The effect of profiling on fundamental legal principles  Title:
PRIVACY IS DEAD (REQUIESCAT IN PACE)
 The effect of profiling on the rule of law

 

Privacy is dead (Requiescat in pace)

How does profiling relate to privacy? Leaving aside data protection as a privacy instrument (because data protection should be viewed separately, as Gutwirth & De Hert rightly argue), profiling as such does not – to me – seem a really significant privacy threat; that is, large-scale collection and storage of personal data can be seen as a privacy threat, but privacy is not really affected if the data remain stored in computers and do not enter the heads of people who make decisions about other people. It is only when an individual profile is used in an individual case that privacy may be at stake, because the profile user perhaps knows more about the profiled subject than she needs to know for the purpose of the particular transaction; but does that really affect the profiled person in her private sphere? I like the notion of privacy as a safeguard against – unjust – judgement from others, because others should judge us only by relevant criteria and not by irrelevant criteria that, precisely because they are irrelevant in the particular context at issue, should remain private. However, why not call a spade a spade and say that in this respect, it is not so much privacy that is at stake, but fair judgement and fair treatment? Privacy may be a servant to many masters, but here, I think, it is largely the master of fair treatment that privacy is serving. We risk blurring the discussion by bringing on board the multiple – and, to many people, confused – associations that surround the notion of privacy, and so, we had better turn our heads to anti-discrimination law as the core issue in profiling, and disregard privacy as being at stake.

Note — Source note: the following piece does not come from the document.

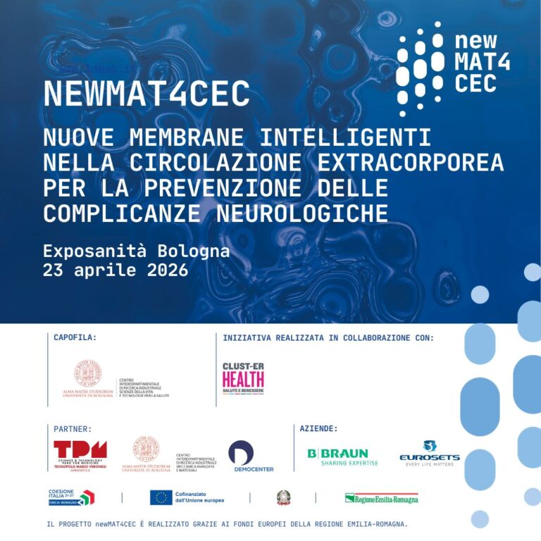 Prevenire le complicanze neurologiche durante la circolazione extracorporea. Il progetto newMAT4CEC esplora materiali avanzati e funzionalizzati per ridurre il rischio di eventi avversi neurologici durante le procedure più critiche. Vieni a trovarci al nostro desk al Padiglione 32 – Stand B8 per parlarne insieme a noi oppure partecipa al workshop “newMAT4CEC – Nuove membrane intelligenti nella circolazione extracorporea per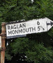 Keywords: road sign directions vintage road sign post signpost guidepost sign post destination drive monmouth raglan wales miles

(Besides, privacy is doomed anyway. Not because it is consciously pushed aside in favour of other interests – although it often is nowadays – but because it is slowly but surely being eroded through the ever-increasing advances in technology that make people and society transparent, and because somehow people do not notice or care that they end up with ever smaller opportunities to withdraw in a private sphere. This, at least, is my vision for the next decade or so. Conceivably, a return-to-privacy wave may come up once the current era of technology push and security hype has passed. It may arrive too late, however, if privacy-destroying infrastructures by then have paved the world’s ways.)

Data protection is dead (Long live data protection)

How does profiling relate to data protection? The texts create the impression of assuming rather lightly that data-protection law applies – or should apply – throughout the process of profiling, but of course, in many types of the profiling taxonomy given above, data are not traceable to unique persons, and hence are not personal data subject to data-protection law. Indeed, for many types of profiling, it is not necessary to process uniquely identifiable data; in many cases, data that correlate not at the individual level but at a more generic level or anonymised data will suffice. Data-protection law typically plays a role in pre-profiling, when personal data are being collected, and in profile use, when profiles are applied to unique individuals. What happens in between may or may not legalistically fall under the scope of data-protection law, but that is insignificant as compared to the pre- and post-processing stages.

A more important issue is why we should really be concerned with data protection. The monster of data-protection principles and data-protection laws that has been brought to life since the 1970s seems to be based on one major assumption: we need to prevent data processing as much as we can, in order to prevent misuse of personal data. Only by allowing the minimum of data to be collected in the first place, and by allowing the data to be processed only for the purpose for which they were collected, will we prevent data monsters from harming people by undue knowledge of them.  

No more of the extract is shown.